Professor of Epidemiology, Harvard T.H. Chan School of Public Health

Abstract: Epidemiologists (and historians) have learned an enormous amount by studying past outbreaks of infectious disease. Histories of epidemics have been used to calibrate epidemiological models and to understand the ways in which societies will likely respond to future disease outbreaks. Over the past decade, researchers and government officials have become increasingly concerned about climate related threats to public health, including heat waves, droughts, forest fires, and other extreme weather events. Like epidemics, these all have historical precedents. It is possible to examine the history of past climate-health emergencies in search of both epidemiological and historical insight into the nature of these threats. I will demonstrate this approach with an analysis of the heat wave that produced the hottest day in Boston history, July 4, 1911.

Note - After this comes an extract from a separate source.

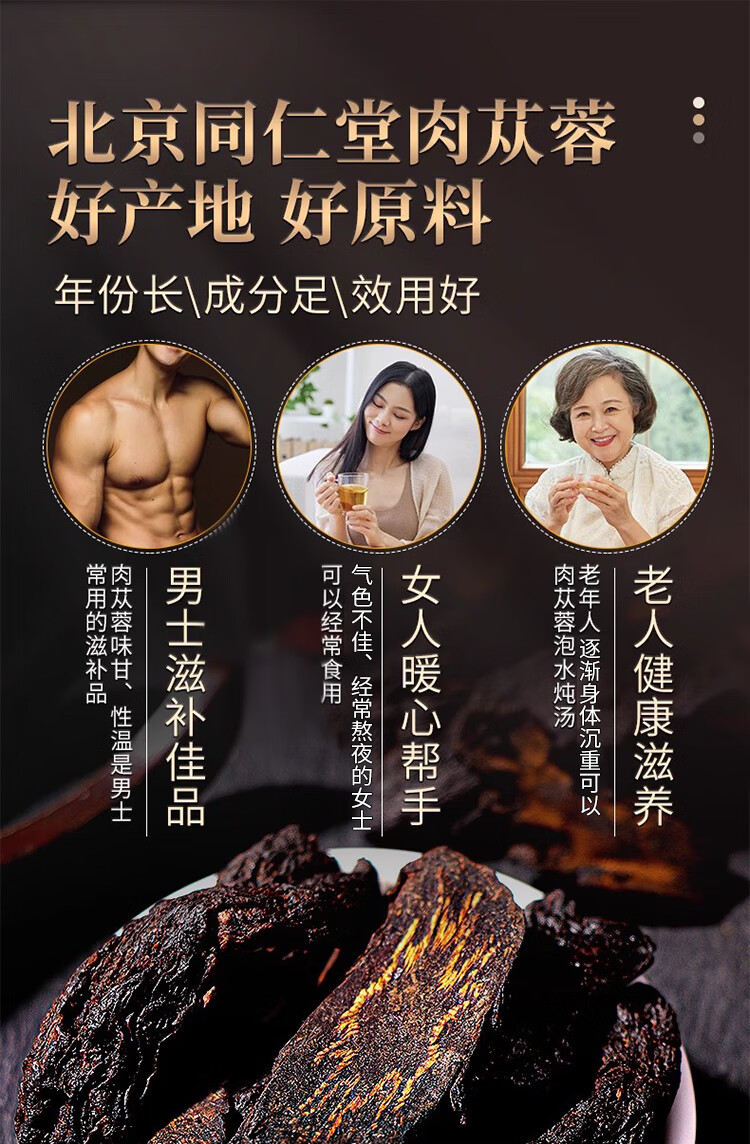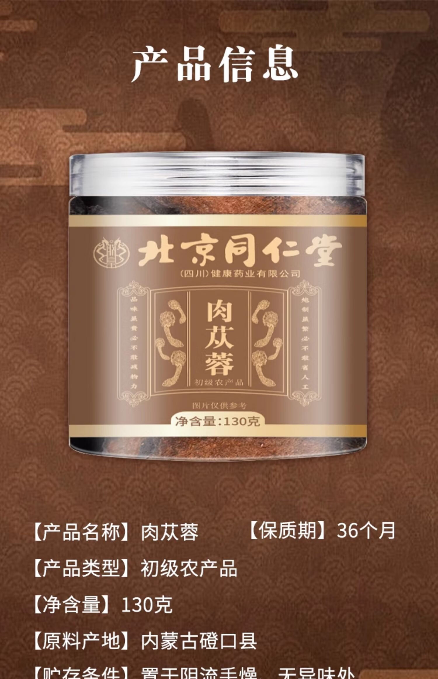朕皇北京同仁堂肉苁蓉片特级正品搭黄精菟丝子淫羊藿非中药材滋补 【1盒体验装】130g/盒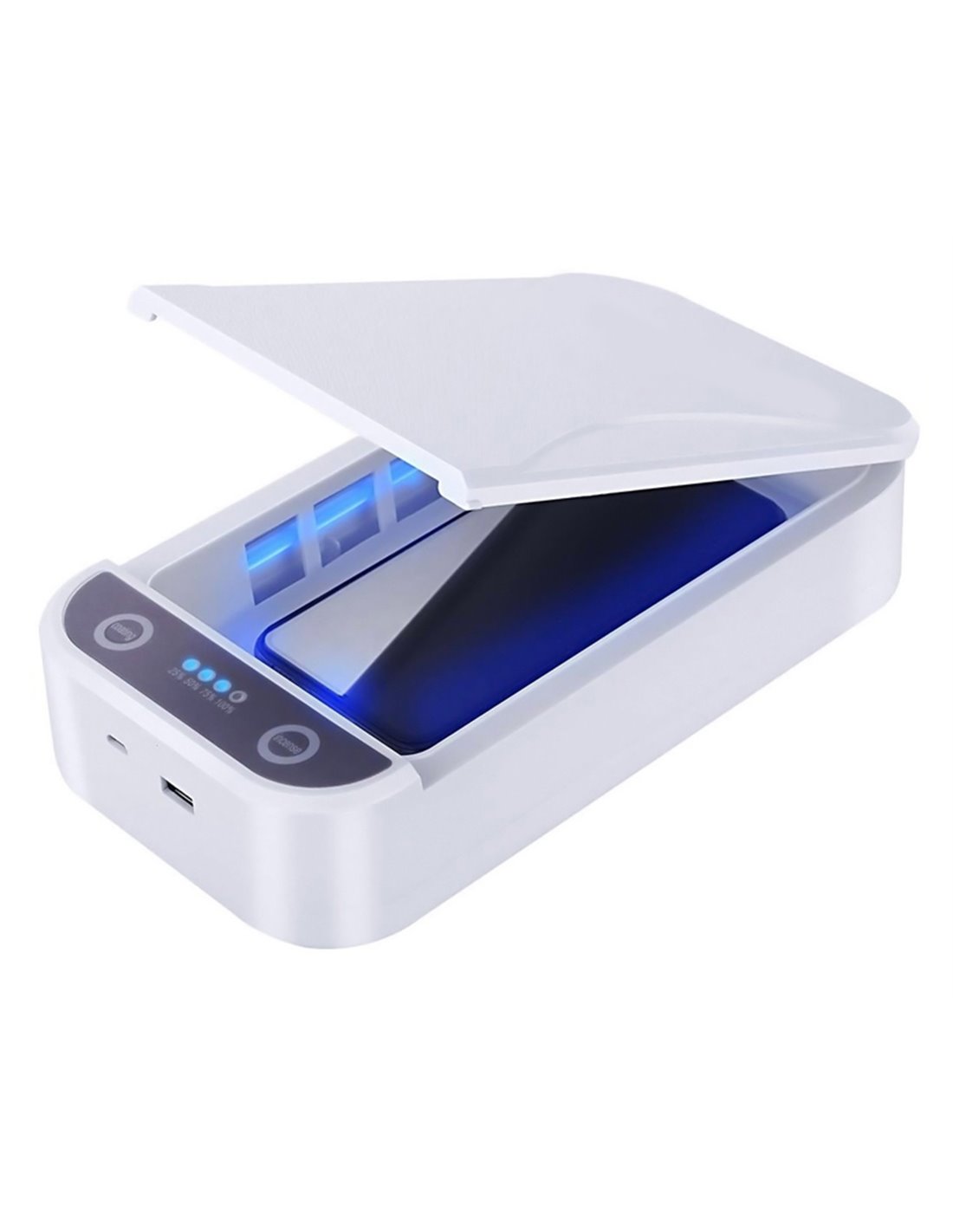 Αποστειρωτής υπεριώδους ακτινοβολίας για αποστείρωση κινητών τηλεφώνων, κοσμημάτων, κλειδιών και άλλων αντικειμένων σε ελάχιστο χρόνο.Εξοπλισμένος με λυχνία UV υπεριώδους ακτινοβολίας που εξοντώνει γρήγορα το 99,99% των μικροοργανισμών.Είναι κατάλληλο για αποστείρωση κινητών έως 6” και αποστειρώνει με ασφαλή τρόπο ηλεκτρονικές συσκευές χωρίς να επηρεάζει τη λειτουργία τους ή να τις βάζει σε κίνδυνο.

Bio: Trained in psychiatry and history of science, David Jones is the Ackerman Professor of the Culture of Medicine at Harvard University. His research has focused on the causes and meanings of health inequalities (Rationalizing Epidemics: Meanings and Uses of American Indian Mortality since 1600) and the history of decision making in cardiac therapeutics (Broken Hearts: The Tangled History of Cardiac Care). He is currently at work on several other histories, of the evolution of coronary artery surgery, of heart disease and cardiac therapeutics in India, and of the threats of air pollution and global warming to health. His teaching at Harvard College and Harvard Medical School explores the history of medicine, medical ethics, and social medicine.